Он ещё немного пошутил, процитировал кого-то из пророков на тему милосердия к умирающим от голода и жажды, поинтересовался, достроила ли Цилечка «ту халупу в Чехии». Наконец, положил трубку и сказал, кивнув на телефонный аппарат и многозначительно понизив голос:
– Она тоже из русских.
На приёме у доктора Цили Гуревич просидел «туда-сюда» полгода. За это время он не произнёс ни единого слова, что для Гуревича было делом неслыханным, подвигом – по сути; он не вздохнул, не икнул, не чихнул. Он почти не дышал, но исписывал целые тетрадки.
Он ведь и правда не учил и не сдавал в Израиле общие болезни, местного протокола лечения их не знал. Так что просто писал:
«При боли в колене – даём вольтарен, при боли в спине – аноксин, при ангине детям – моксипен со вкусом апельсина, при соплях – отривин, при повышенном давлении – конвертин, при астме – вентолин в ингаляторе, при инфекции мочевых путей – офлодекс…»
Всё это не потому, что так было положено, а потому, что доктор Циля лечила так своих больных.
Гуревич исписывал за ней тетрадки, много тетрадок. Впоследствии он лечил уже по-своему, так, как подсказывало его чутьё, профессионализм и понимание личности и организма больного. Но в те месяцы он твёрдо знал, что будет следовать традиционным и спокойным курсом доктора Цили, просидевшей в этом кабинете лет сорок.

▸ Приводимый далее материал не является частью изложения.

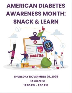In honor of American Diabetes Awareness Month, take a break, grab some snacks, and learn about diabetes care and prevention. This is a great chance to boost your health knowledge, ask questions, and connect with peers in a relaxed setting.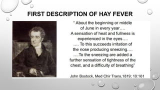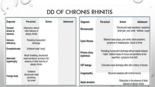 Allergic rhinitis is an IgE-mediated inflammatory disease of the nasal mucosa caused by an allergic reaction to inhaled allergens. It is characterized by symptoms like sneezing, rhinorrhea, nasal congestion and nasal itching. Diagnosis involves assessing symptoms, performing skin prick tests or measuring allergen-specific IgE levels. Management includes allergen avoidance, oral antihistamines, intranasal corticosteroids and immunotherapy. Allergic rhinitis can negatively impact quality of life and is associated with conditions like asthma and sinusitis if left untreated.
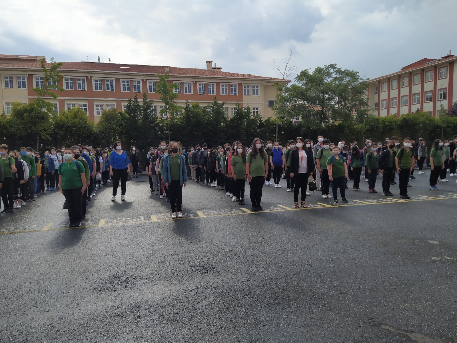 Bahçelievler-Yenibosna Fatih Ortaokulu’ndaki öğrenciler, isteğe bağlı katılımla haftada 2 gün, belirlenen koşullar doğrultusunda öğretmenlerine kavuştu. Öğrenciler, sosyal mesafe kurallarına uyarak sıraya girdi. Daha sonra tören düzenlendi, İstiklal Marşı okundu ve öğrenciler sırayla sınıflarına girdi.

Гуревич зубрил назубок арсенал её врачевания с тем, чтобы предложить себя на какой-нибудь периферии: сидеть на приёме, подменять кого-то заболевшего или отпускного – затыкать собой какую-нибудь дыру; получать какую-нибудь зарплату.
* * *
Через полгода он явился к заведующему Беэр-Шевским отделением поликлиники «Клалит». Того звали Арье Босяк, и он до смешного наглядно отражал и демонстрировал свою фамилию – абсолютной своей затрапезностью. Пёстрая размахайка в огурцах не застёгивалась у него на брюхе, а защитного цвета шорты явно носил ещё в тридцатых годах его дед-кибуцник.
– Вот рекомендация доктора Кляйна, – сказал Гуревич. – Я полгода учился на практике приёму общих больных.

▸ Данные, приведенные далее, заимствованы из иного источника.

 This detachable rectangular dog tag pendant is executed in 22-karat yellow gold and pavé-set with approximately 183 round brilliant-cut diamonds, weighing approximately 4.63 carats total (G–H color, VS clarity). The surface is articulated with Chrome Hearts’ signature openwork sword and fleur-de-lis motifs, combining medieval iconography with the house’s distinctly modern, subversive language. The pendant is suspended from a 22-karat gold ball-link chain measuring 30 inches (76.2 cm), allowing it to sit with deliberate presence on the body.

– Тебе нужна работа? – уточнил Босяк, почёсывая брюхо сквозь проёмы между пуговицами рубахи. Будто это и так не было ясно.
– Мне нечего есть! – провозгласил Гуревич голосом, каким папа читал Пушкина. – Моя семья голодает.
Он подумал, что, при всем драматическом преувеличении, эта фигура речи сейчас как никогда близка к правде жизни.
За те полгода, пока он, бессловесный, сидел за шкафом у доктора Цили, Катя приноровилась готовить обед на всю семью из половинки курицы: сначала варила детям бульон, потом вытаскивала разваренную мученицу и тушила её же на сковороде с луком-картошкой. Гуревич, как мы помним, курятину на дух не выносил, двойные Катины блюда напоминали ему двойную казнь в Вырице, но картошку из жаркого он выуживал, а что делать? Заедал её огурцом. «Жри, жри хоть что-нибудь! – кричала ему Катя. – Ты уже сам похож на дохлую курицу!»
Она освоила кашу из какой-то кошмарной шрапнели и ездила черт знает в какой отдалённый кибуц за особо дешёвыми овощами. Почти все деньги от яслей уходили на ясли же: дети не должны были потерять ни одной калории, ни урока английского, ни своей громокипящей ритмики, ни рисования, ни дурацкого сонного удава, виснувшего на детских шейках…
А вот семья затянула-таки пояса, и не только на предмет экзотических фруктов или какой-то особой вырезки. Полетела вверх тормашками вся генеральная Катина программа выковывания из сыновей гениев. Мишке оставили только кружок плавания, китайца ликвидировали. «И кунг-фу подождёт, – сказала Катя грустному Дымчику. – Подумаешь, ну не выйдет из тебя Брюса Ли, не судьба…»
– Ладно, – сказал Арье Босяк… – Я пошлю тебя в Мицпе-Рамон. Знаешь, где это?